New York police are investigating claims that shredded paper used as confetti during Macy's annual Thanksgiving Day Parade included sensitive information – including Social Security numbers and banking account information, MyFoxNY.com reported.
Nassau County Police officers are looking into the matter after college student Ethan Finkelstein reported the confetti falling on his shoulders as he watched the parade contained Social Security numbers, employee identification numbers, bank account numbers, as well as pieces of an incident report.
"There were thousands of pieces of white confetti paper all around us. We just picked up a handful and started going through it and we noticed there were more Social Security numbers, more address and phone numbers," Finkelstein said, MyFoxNY.com reported.
Finkelstein, 18, who was home from Tufts University on Thanksgiving break, said he was watching the parade at 65th Street and Central Park West when he and a friend noticed a strip of confetti stuck onto her coat.
"It landed on her shoulder," Finkelstein told PIX11 News, "and it says 'SSN' and it's written like a Social Security number, and we're like, 'That's really bizarre.'
"There are phone numbers, addresses, more Social Security numbers, license plate numbers and then we find all these incident reports from police."
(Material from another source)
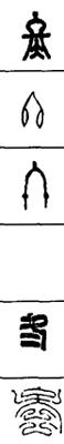 从上到下依次是小篆、甲骨文、金文、古玺及战国文字、缪篆及汉代文字、鸟虫篆。

According to WPIX, one confetti strip indicates that it's from an arrest record, and other strips offer more detail. "This is really shocking," Finkelstein told the station. "It says, 'At 4:30 A.M. a pipe bomb was thrown at a house in the Kings Grant' area."
The Nassau County Police Department told PIX11, via a written statement from its commanding officer for public information, Inspector Kenneth Lack, "The Nassau County Police Department is very concerned about this situation. We will be conducting an investigation into this matter as well as reviewing our procedures for the disposing of sensitive documents."
Parade sponsor Macy's told the station that it uses "commercially manufactured, multicolor confetti, not shredded paper."
The NYPD says it would assist in the investigation if needed, according to MyFoxNY.com.